Durant les « trente glorieuses », la politique industrielle française était axée
sur des politiques sectorielles verticales. L’État, dans le cadre de la
planification indicative, fixait les axes stratégiques du développement
industriel. Il finançait la recherche des laboratoires publics, les infrastructures
et les grandes entreprises publiques. Les commandes publiques offraient
alors à ces entreprises un débouché essentiel. Aujourd’hui ces pratiques sont
plus difficiles car elles entrent en contradiction avec les principes de l’OMC
ou de la commission européenne.
Certaines analyses offrent cependant de nouveaux arguments en faveur des
politiques industrielles :
– l’industrie joue un rôle majeur dans la croissance économique. Les théories de
la croissance endogène mettent en évidence l’influence positive sur la
croissance de la recherche-développement (Romer), de l’accumulation du
capital humain (Lucas) et des infrastructures publiques (Barro). Or l’effet
bénéfique de ces facteurs tient aux externalités positives qu’ils exercent. Il y a
donc là des opportunités pour des interventions de l’État (subventions,
investissements, politique fiscale incitative) ;
– certains secteurs industriels sont particulièrement importants afin de garantir
l’indépendance nationale (armement, énergie…).

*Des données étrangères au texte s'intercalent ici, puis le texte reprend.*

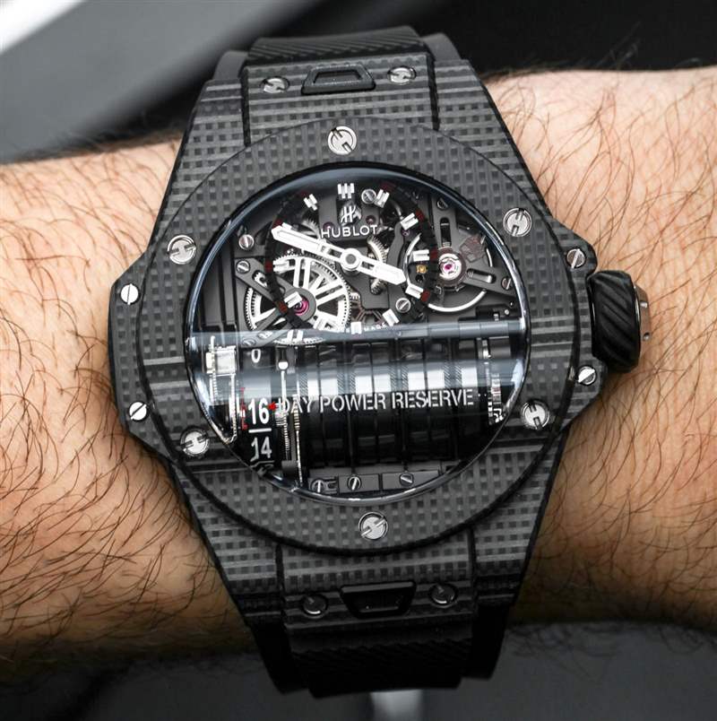 在我看來, Hublot?2018年技術上最有趣的新款手表是新款 Hublot MP-11 Power Reserve 14 Days 時計,它有兩個版本(藍寶石水晶或 3D 碳纖維)。話雖如此,瑞士品牌發布的最復雜的手表實際上是 MP-09 的新版本(Masterpiece Collection #9),但 MP-11 具有新的外觀和機芯,這是宇舶表正在進行的修改的一部分。最初為Hublot MP-05 La Ferrari設計的超長動力儲存機芯技術,總共擁有50天的動力儲存。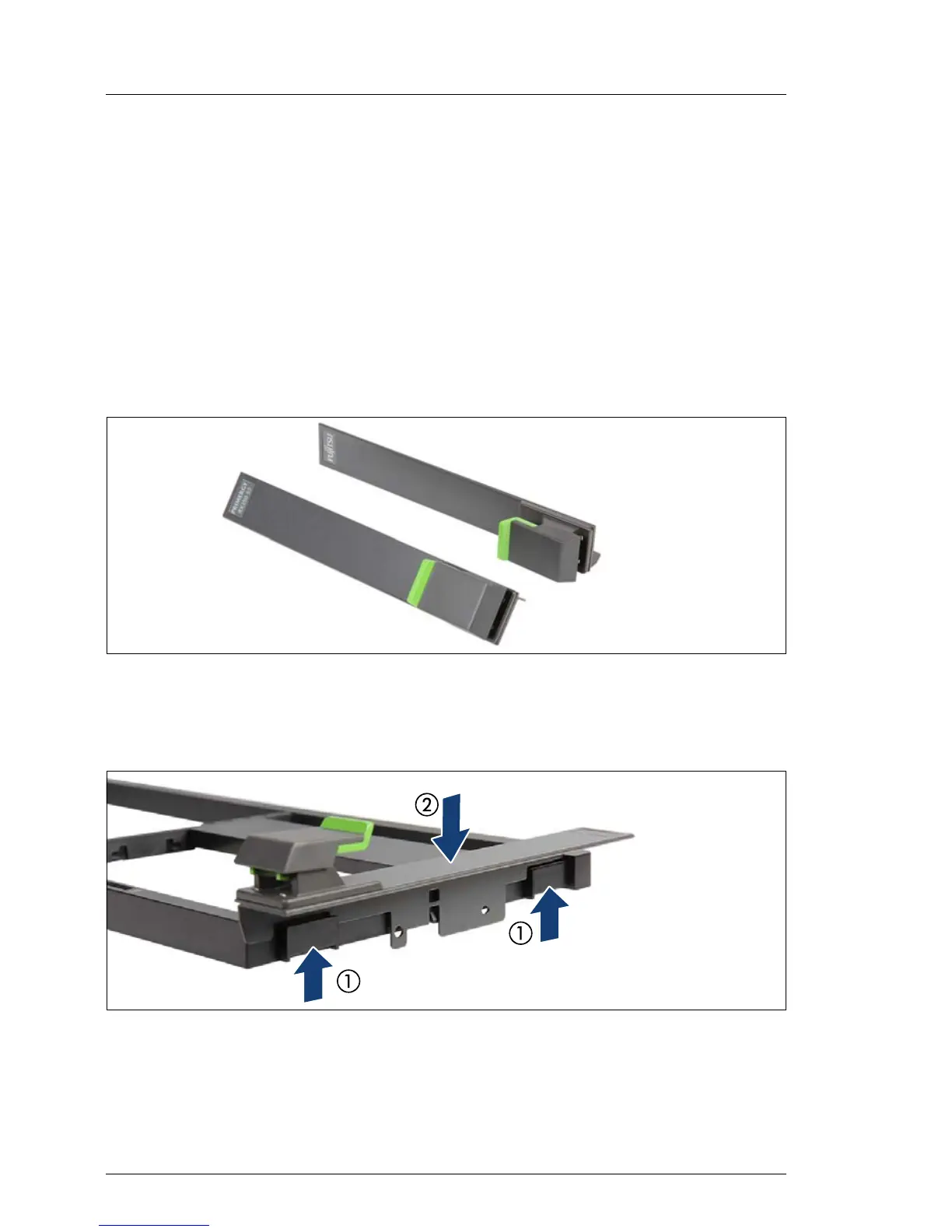 Ê Fit the rack mounting bracket on the two hooks on the rack front bezel (1).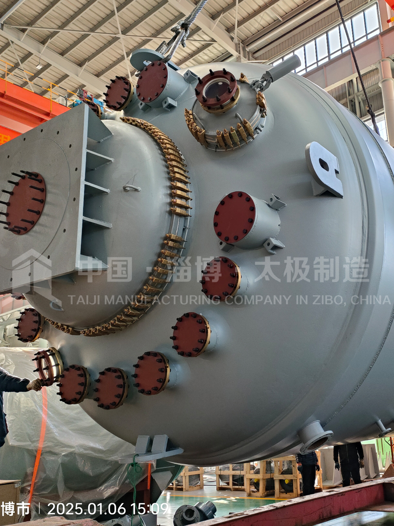 1 月 8 日,太極公司 8 萬升閉式搪玻璃反應釜完成整裝發貨。設備融合 36 項專利技術,采用全封閉承壓設計,搭配自研高性能瓷釉,耐酸堿腐蝕性能達國際先進水平。此次發貨不僅創下企業大型設備交付新紀錄,更彰顯其在高端搪玻璃裝備領域的制造實力。

L’État producteur fait place à un État incitateur afin d’échapper aux sanctions de
l’OMC et de la Commission européenne, qui chassent les pratiques
anticoncurrentielles. Depuis le milieu des années 2000, la politique des pôles de
compétitivité renforce cette orientation : l’État finance des projets locaux
innovants qui reposent sur la coopération entre les centres de recherche, les
grandes entreprises et des PME.
L’objectif est de faciliter l’émergence d’innovations suscpetibles de doper la
productivité globale des facteurs mais surtout de créer des activités à haut
contenu technologique pour lesquelles la compétitivité hors prix est essentielle.
Cela permet de pratiquer des prix élevés et donc de dégager de l’activité
productive une valeur ajoutée importante. Partant de là, il est possible de
distribuer des revenus élevés, de bénéficier de recettes fiscales plus importantes
tout en conservant la compétitivé et la rentabilité des investissements.

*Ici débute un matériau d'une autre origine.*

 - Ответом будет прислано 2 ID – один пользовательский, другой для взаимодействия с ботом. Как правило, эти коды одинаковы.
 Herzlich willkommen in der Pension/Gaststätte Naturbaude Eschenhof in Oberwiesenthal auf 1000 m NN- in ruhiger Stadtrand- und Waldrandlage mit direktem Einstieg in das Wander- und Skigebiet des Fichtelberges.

En clair, l’innovation est non seulement capable de dynamiser la croissance
économique mais également de redonner aux États des marges de manœuvre et
les moyens de leur action.
III.2 La coordination des politiques.
Compte tenu des interdépendances croissantes entre les économies, la réponse
optimale passe par une coopération internationale c'est-à-dire :
- l’élaboration de règles favorisant la croissance et le développement de chaque
économie en évitant les déséquilibres excessifs. On pense bien entendu à la
nécessité de rechercher une plus grande stabilité financière comme l’ont mis en
évidence les conséquences de la crise des subprimes.
- la coordination des politiques économiques afin de tenir compte des effets de
débordement des politiques économiques à savoir le fait qu’une politique
décidée dans un cadre national exerce des effets importants sur les autres. Plus
l’économie est de taille importante et plus ces effets sont importants. On pense
bien entendu aux États-Unis et la Chine mais au niveau européen l’Allemagne et
la France ont également ce statut pour l’économie du vieux continent.

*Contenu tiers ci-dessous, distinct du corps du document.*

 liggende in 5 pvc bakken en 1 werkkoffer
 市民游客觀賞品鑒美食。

Cette coopération internationale permettrait de restaurer les capacités d’actions
des États, capacité d’action qu’ils ont abandonnée au profit des multinationales
et des marchés financiers. Cela implique évidemment qu’il y ait une véritable
prise de conscience à savoir qu’il n’est pas possible de vivre durablement
prospère dans un monde en crise. La crise climatique, la crise des réfugiés et
d’une manière générale les crises migratoires qui frappent toutes les régions du
monde sont peut être les écueils qui favoriseront cette prise de conscience.